Wordt de bijtelling voor jou in 2026 fors hoger, dan kun je ook overwegen de auto vanaf 1 januari 2026 aantoonbaar nog maximaal 500 km privé te gebruiken en zo de bijtelling voorkomen.
Als je jouw werknemer een elektrische auto van de zaak ter beschikking hebt gesteld, mag je de oplaadkosten belastingvrij vergoeden. Wordt de auto thuis opgeladen, dan kun je uitgaan van de integrale kostprijs. Om die te berekenen, moeten de vaste en variabele kosten gedeeld worden door het aantal verbruikte kWh aan elektriciteit. De vermindering van energiebelasting kun je buiten beschouwing laten, voor zover deze al wordt opgebruikt door het privégebruik van de stroom door de werknemer. Gebruikt de werknemer zonnepanelen om elektriciteit op te wekken, dan maakt een evenredig deel van de afschrijvingskosten deel uit van de kostprijs en kun je dit ook onbelast vergoeden. Een eventueel prijsplafond vermindert de kosten en dus ook de onbelaste vergoeding.
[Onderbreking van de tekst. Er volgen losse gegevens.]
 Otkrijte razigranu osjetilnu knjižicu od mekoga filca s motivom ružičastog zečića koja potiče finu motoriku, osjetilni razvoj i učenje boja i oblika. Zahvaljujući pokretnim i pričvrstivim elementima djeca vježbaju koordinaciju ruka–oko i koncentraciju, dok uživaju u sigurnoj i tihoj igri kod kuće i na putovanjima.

Je kunt ook met jouw werknemer een contract afsluiten omtrent de te vergoeden kostprijs. In een dergelijk contract zal het tarief in combinatie met de duur van het contract in overeenstemming moeten zijn met de prijs in de markt. Daarbij is het moment waarop je afspraken maakt, bepalend. Gebruikt de werknemer voor het opladen een openbare laadpaal, dan kunnen deze kosten ook onbelast worden vergoed. Bij discussie over de vraag of je meer hebt vergoed dan de kostprijs, ligt de bewijslast bij de inspecteur.
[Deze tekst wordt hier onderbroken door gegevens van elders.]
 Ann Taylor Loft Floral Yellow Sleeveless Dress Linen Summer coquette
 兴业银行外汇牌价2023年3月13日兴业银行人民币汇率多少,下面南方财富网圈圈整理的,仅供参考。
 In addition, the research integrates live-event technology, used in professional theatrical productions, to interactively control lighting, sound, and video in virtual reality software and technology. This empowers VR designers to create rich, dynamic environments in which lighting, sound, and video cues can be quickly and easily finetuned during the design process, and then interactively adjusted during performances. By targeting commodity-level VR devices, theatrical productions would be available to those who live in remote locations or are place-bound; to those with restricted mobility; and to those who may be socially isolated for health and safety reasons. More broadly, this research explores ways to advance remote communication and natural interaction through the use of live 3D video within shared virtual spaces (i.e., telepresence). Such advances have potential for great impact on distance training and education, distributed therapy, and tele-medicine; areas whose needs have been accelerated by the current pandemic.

Voor een ter beschikking gestelde auto geldt in beginsel een bijtelling bij het inkomen, waarover belasting moet worden betaald. Deze bijtelling geldt ook voor bestelauto’s. Er bestaat wel een uitzondering voor bestelauto’s die door meerdere werknemers doorlopend afwisselend worden gebruikt, waardoor het privévoordeel moeilijk is vast te stellen. Via de bekende bijtelling wordt rekening gehouden met het voordeel dat de belastingplichtige heeft van een ter beschikking gestelde auto die ook voor privédoeleinden kan worden gebruikt. Dit voordeel is geringer als een bestelauto door meerdere werknemers zakelijk en privé kan worden gebruikt. Daarom geldt er dan geen bijtelling, maar betaalt de werkgever in 2025 via een eindheffing een bedrag van € 438, ofwel € 138 meer dan vorig jaar. Omdat de eindheffing wordt geïndexeerd, stijgt deze in 2026 naar € 451.
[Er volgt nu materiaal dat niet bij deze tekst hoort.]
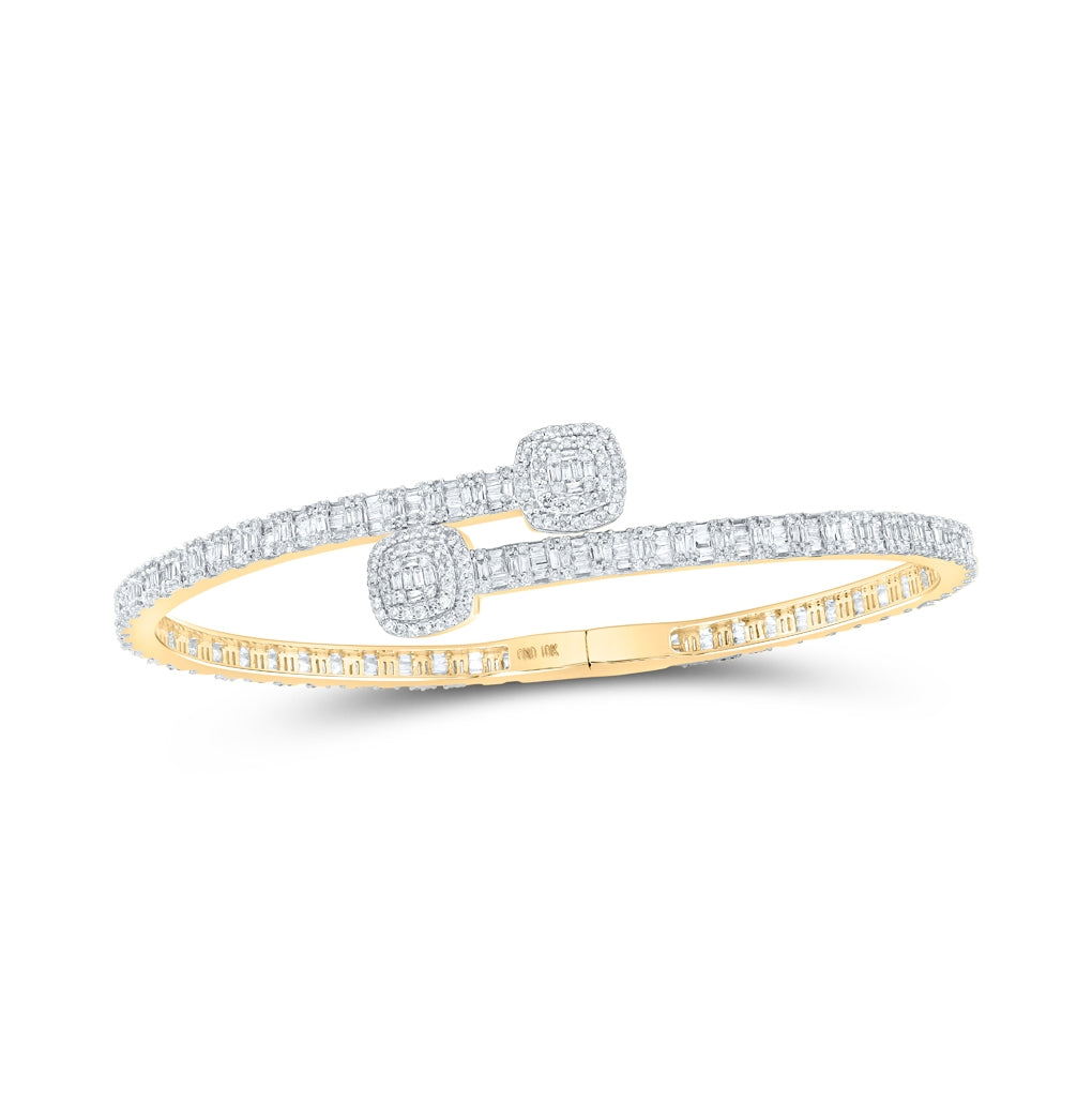 10K White Or Yellow Gold Womens Baguette Diamond Cushion Square Cuff Bangle Bracelet

Voor kampeerauto’s geldt dat een kwart van het standaardtarief van de wegenbelasting betaald moet worden (het kwarttarief). Vanaf 2026 wordt dit kwarttarief vervangen door een halftarief. Voor kampeerauto’s die bedrijfsmatig worden verhuurd, geldt momenteel al een halftarief, maar dit vervalt per 2026.
Bij de samenstelling van de Eindejaarstips 2025 is naar uiterste betrouwbaarheid en zorgvuldigheid gestreefd. Onze organisatie kan niet aansprakelijk worden gesteld voor eventuele onjuistheden en de gevolgen hiervan.